Absorption: Troglitazone is absorbed rapidly following oral administration; the time for maximum plasma concentration (tmax) occurs within 2 to 3 hours. Food increases the extent of absorption by 30% to 85%, thus Rezulin should be taken with a meal to enhance systemic drug availability.

Distribution: Mean apparent volume of distribution (V/F) of troglitazone following multiple-dose administration ranges from 10.5 to 26.5 Ukg of body weight. Troglitazone is extensively bound ( > 99%) to serum albumin. [14C] troglitazone partitions into red blood cells (- 5% of whole blood radioactivity).

Metabolism: In 6 healthy male volunteers given a single 400 mg dose of [14C] troglitazone after 14 days of treatment with 400 mg troglitazone tablets, the major metabolites found in the plasma were the sulfate conjugate (Metabolite 1) followed by the quinone metabolite (Metabolite 3). Only 3.1% of the dose was detected in the urine; this was primarily in the form of the glucuronide conjugate (Metabolite 2), which is present in negligible amounts in the plasma. In both normal volunteers and patients with type II diabetes, steady-state levels of Metabolite 1 are 6 to 7 times that of troglitazone and Metabolite 3.

Troglitazone incubated with expressed human P450 1A1, 1 A2. 2A6. 2B6, 2D6, 2E1, and 3A4 in the presence and absence of known inhibitors of these enzymes showed no Metabolite 3 formation above levels in control samples. Studies in human microsomes suggest that Metabolite 3 is not subject to further metabolism by the major P450 isozymes. Troglitazone did not inhibit any of the major P450 enzymes at clinically relevant concentrations. The inhibitory characteristics of Metabolite 3 have not been investigated directly.

The results of human in vivo drug interaction trials suggest that troglitazone induces cytochrome P450 3A4 at clinically relevant doses (see DRUG INTERACTIONS).

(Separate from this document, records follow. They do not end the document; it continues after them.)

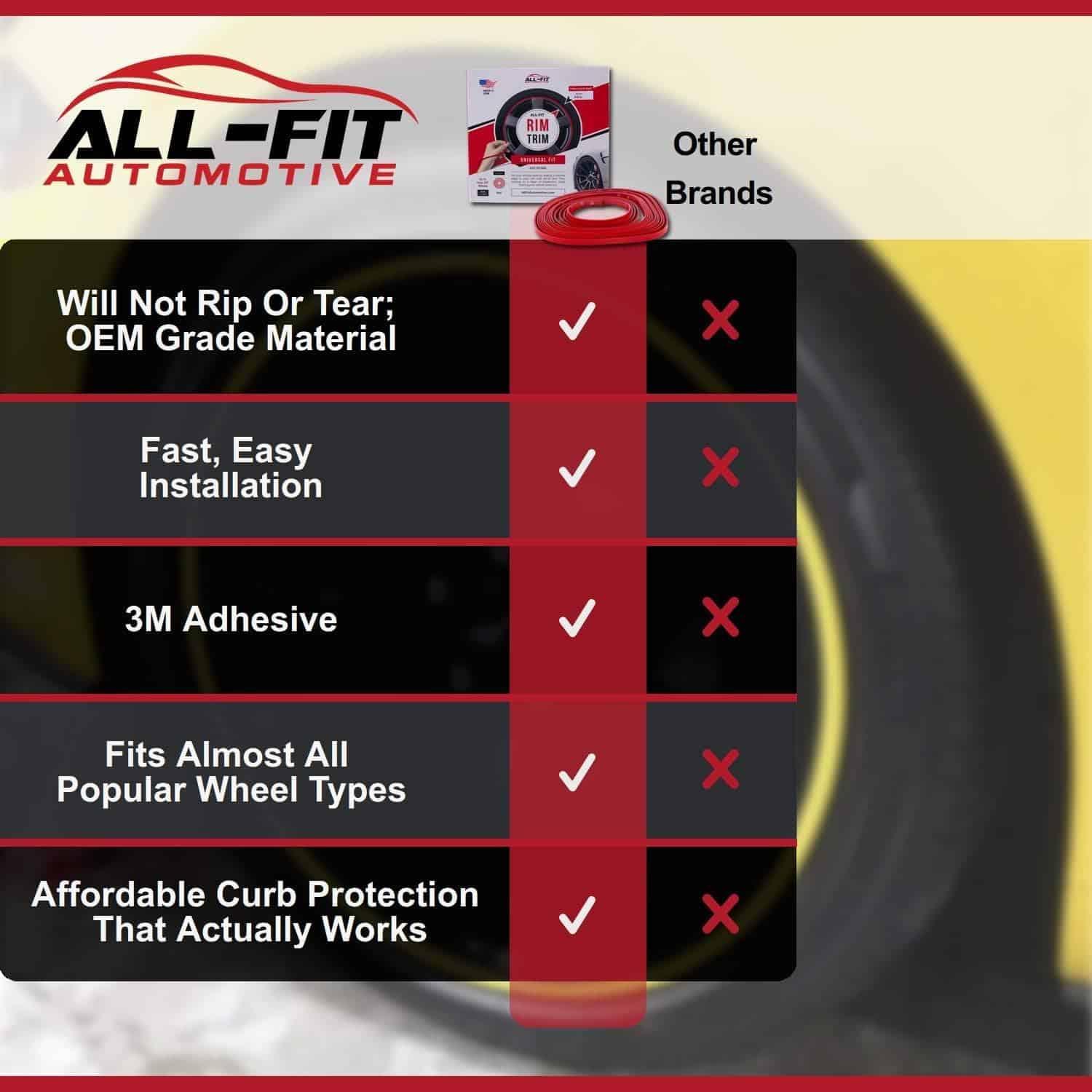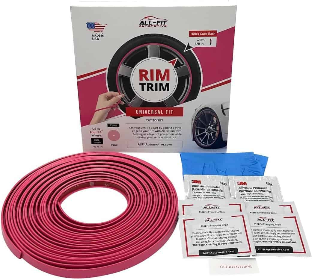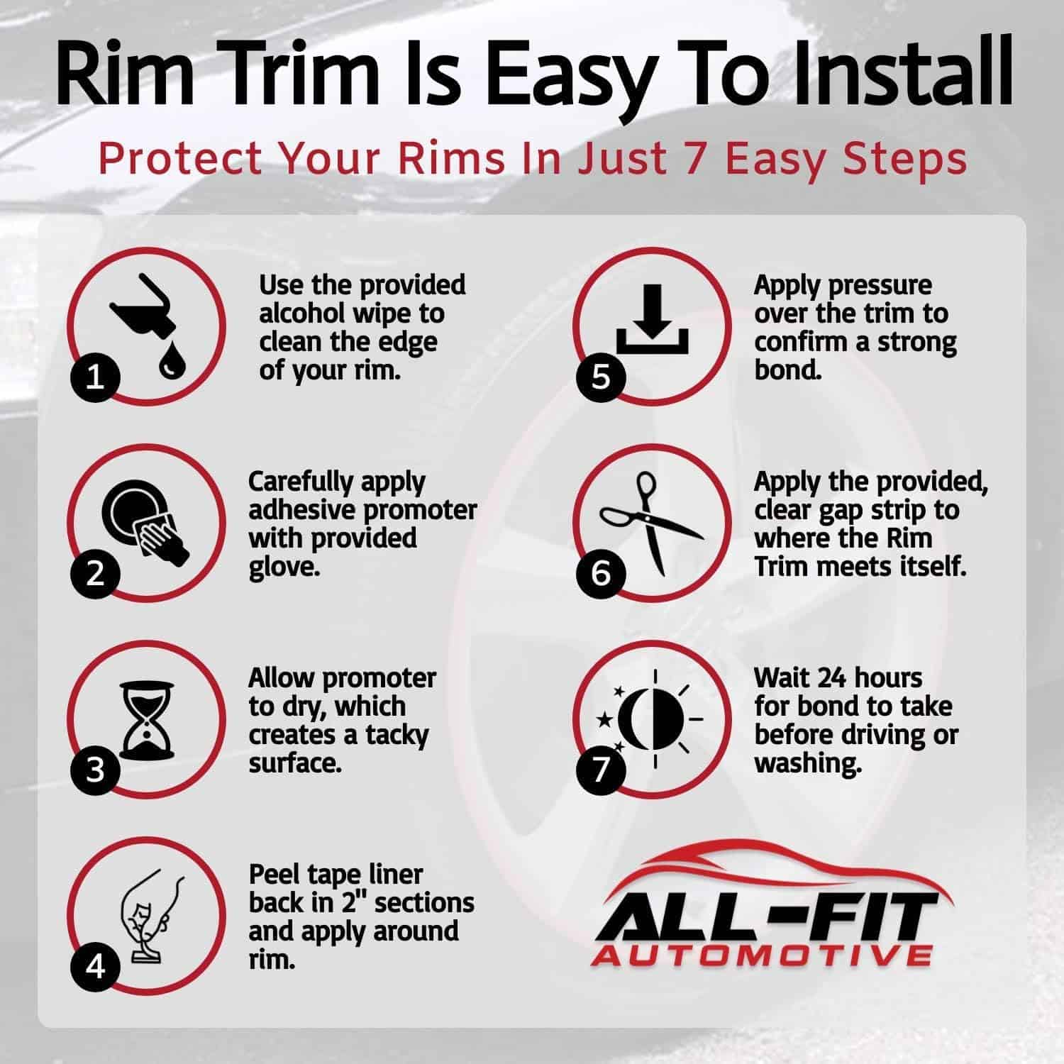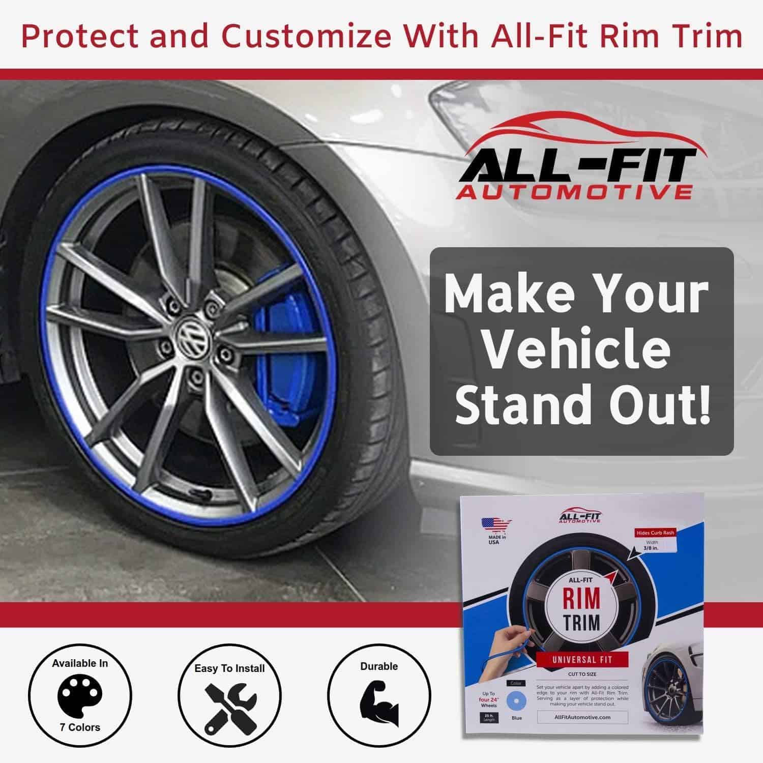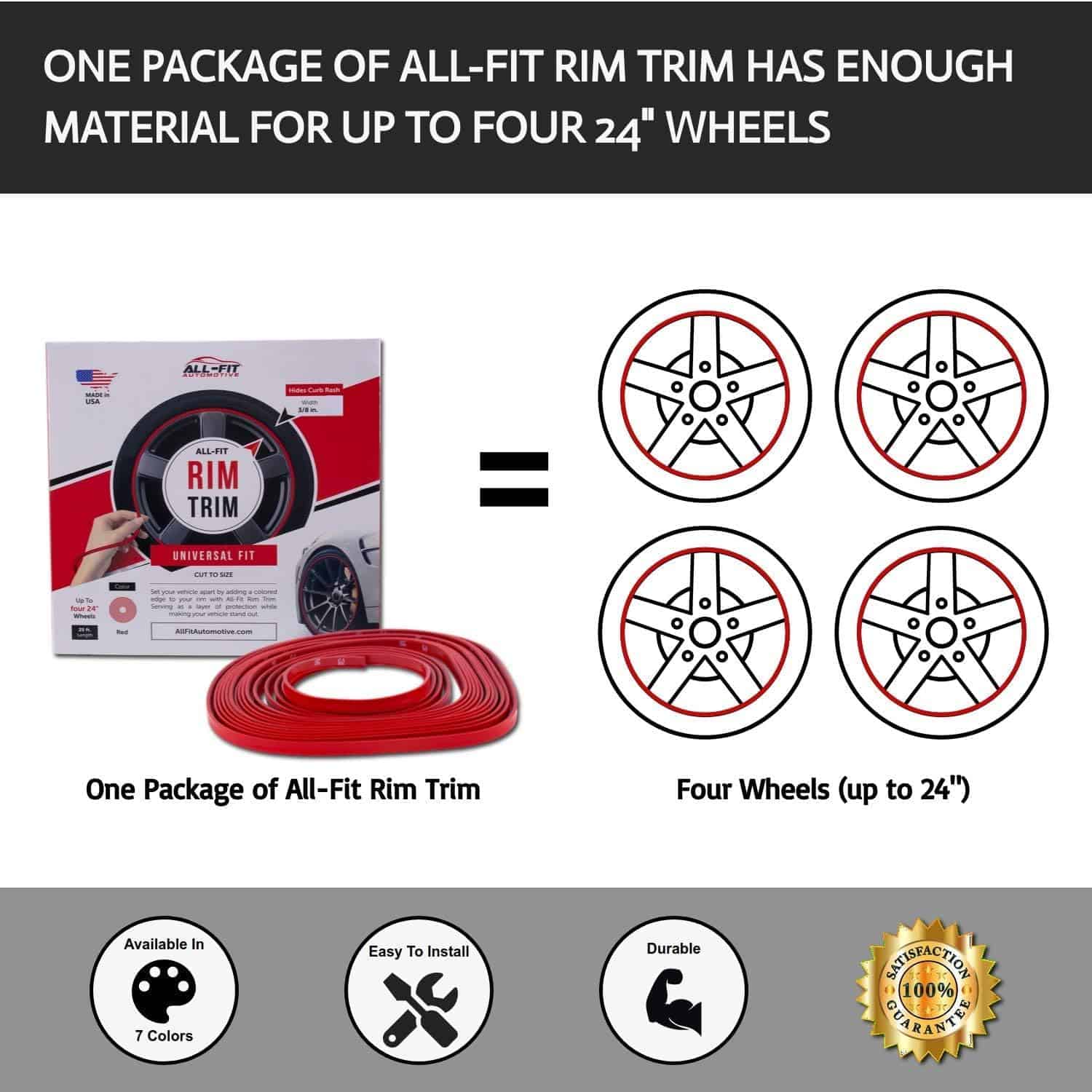 All-Fit Rim Trim hará que tu vehículo se destaque del resto, al mismo tiempo que protege tus llantas de daños por roce en bordillos, rasguños y otros daños. Ya sea que elijas un color de Rim Trim que complemente el color de la pintura de tu vehículo, o optes por un color negro o plateado que se mezcle, estamos seguros de que Rim Trim agregará estilo y protegerá tu vehículo. Rim Trim es un accesorio popular de protección de ruedas: desde el 350z hasta el Challenger o el WRX, los protectores de llantas son accesorios de automóvil especialmente populares entre los conductores de vehículos de alto rendimiento. Cada paquete de Rim Trim contiene todos los materiales que necesitas para instalar Rim Trim en cuatro llantas de hasta 24 pulgadas de tamaño, así como instrucciones detalladas. El proceso no es difícil y se puede hacer en tu propio garaje, pero debes tener cuidado de instalar el producto correctamente. Una instalación cuidadosa garantiza que el adhesivo se adhiera correctamente y que tu Rim Trim dure todo el tiempo que debería. Personaliza tus llantas sin gastar una fortuna. Elige All-Fit Rim Trim para lo mejor en accesorios exteriores para automóviles.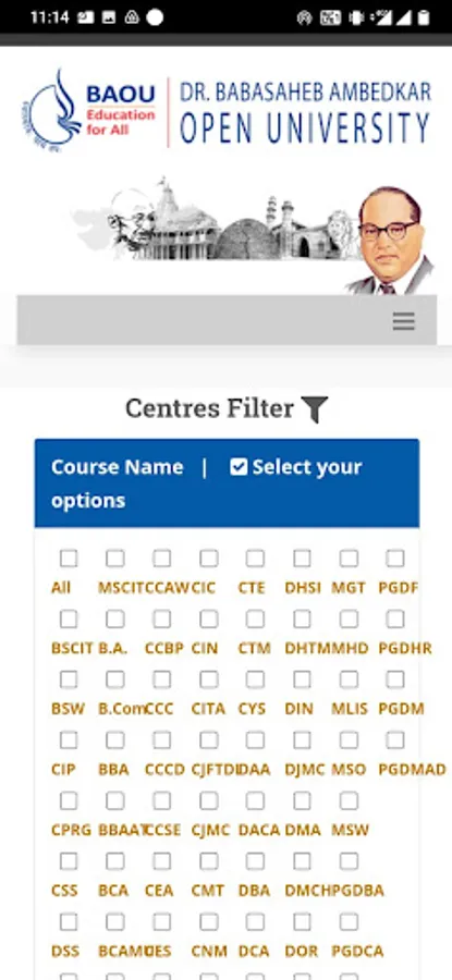 Dr. Babasaheb Ambedkar Open University, Ahmedabad BAOU offers many courses ranging from Certificate course to Doctor of Philosophy.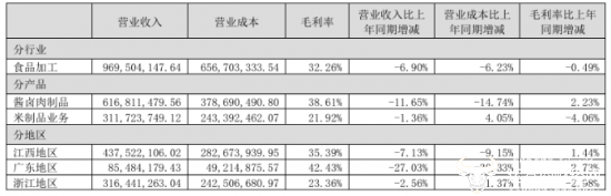 从产品来看,今年上半年,煌上煌的核心产品酱卤肉制品营业收入为6.17亿元,相较于去年同期下降11.65%,毛利率则提升2.23个百分点至38.61%,米制品业务营业收入为3.12亿元,同比微降1.36%,毛利率由去年同期的25.98%下降至21.92%,减少了4.06个百分点。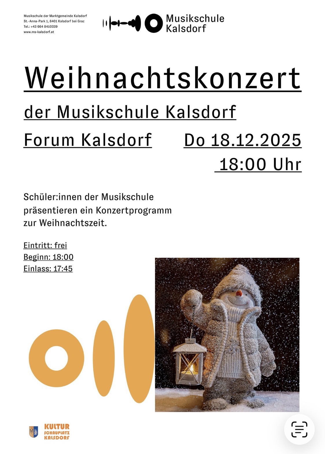 Weihnachtskonzert - Musikschule Fernitz-Mellach Die Schüler*innen und Lehrer*innen der Musikschule Ferntiz-Mellach gestalten einen popigen & jazzigen Abend. ORT: Musikschule Fernitz-Mellach DATUM UND UHRZEIT: 17.12.2025 - 18:30 Uhr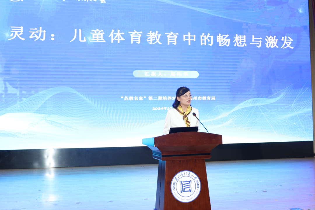 现场,周伟华以《灵动:儿童体育教育中的畅想与激发》为题,阐释了对“灵动体育”的理解。十多年来,她逐渐探索出“灵动体育”课程、“灵动体育”教学、“灵动体育”活动、“灵动体育”支持系统等一系列新范式,凝练出了“灵动体育”教育主张。许兵以《志远景明:给梦想以力量,给行动以翅膀》为题,分享了他在学校管理及语文教学方面的主张。“给梦想以力量,给行动以翅膀,既是我对自己工作的要求,也是我对学生成长、教师发展的期许。”许兵说。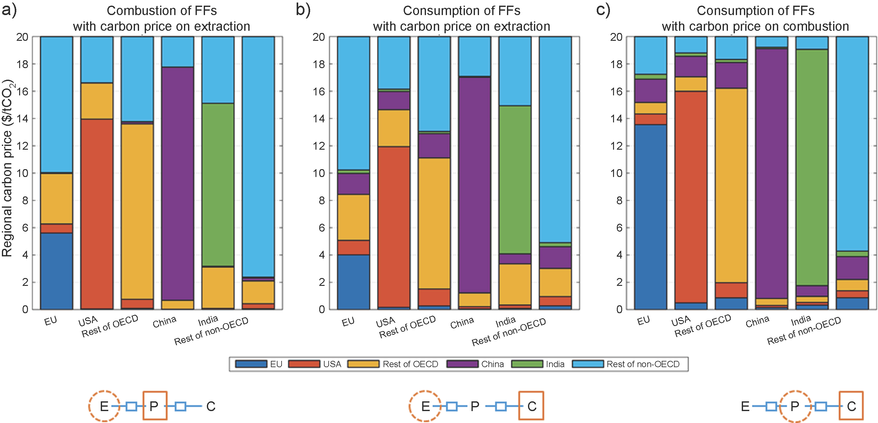 To highlight the distribution of carbon price according to global trade, the carbon price must be implemented higher upstream than where the emissions accounting takes place, thus leaving three possible cases (figure 4): (a) carbon price on extraction and using production emissions, (b) carbon price on extraction and using consumption emissions, and (c) carbon price on production emissions and using consumption emissions. We compare the 'effective' carbon price in the nations by dividing the increased expenditure by emissions according to the accounting system (production or consumption emissions), thus getting the actual carbon price paid by the nations consumers. In all cases this adds to 20$/tCO2, but the disaggregation allows analysis of where the price originates. The application of a uniform carbon price with a different price would simply change the total, not the distribution.

Excretion: Following oral administration of [14 C] troglitazone, approximately 88% of the radioactivity is recovered in feces (85%) and urine (3%). Unchanged troglitazone is not recovered in urine following oral administration. Mean plasma elimination half-life of troglitazone ranges from 16 to 34 hours.

Special Populations

Renal Insufficiency: In patients with various degrees of renal function, the apparent clearance of total and unbound troglitazone and the plasma elimination half-life of troglitazone, Metabolite 1, and Metabolite 3 do not correlate with creatinine clearance. Thus, dose adjustment in patients with renal dysfunction is not necessary (see DOSAGE AND ADMINISTRATION).

Hepatic Insufficiency: Troglitazone, Metabolite 1, and Metabolite 3 plasma concentrations in patients with chronic liver disease (Childs-Pugh Grade B or C) were increased by approximately 30%, 40 % and 100% respectively, compared to those in healthy subjects without hepatic dysfunction. There was no change in plasma protein binding. No adverse events were noted in any group that were attributed to drug. However, Rezulin therapy should not be initiated if the patient exhibits clinical or laboratory evidence of active liver disease (e.g., ALT> 3 times the upper limit of normal); see WARNINGS.

Brand Name: Rezulin
Generic Name: Troglitazone (removed from the US market 3/21/00)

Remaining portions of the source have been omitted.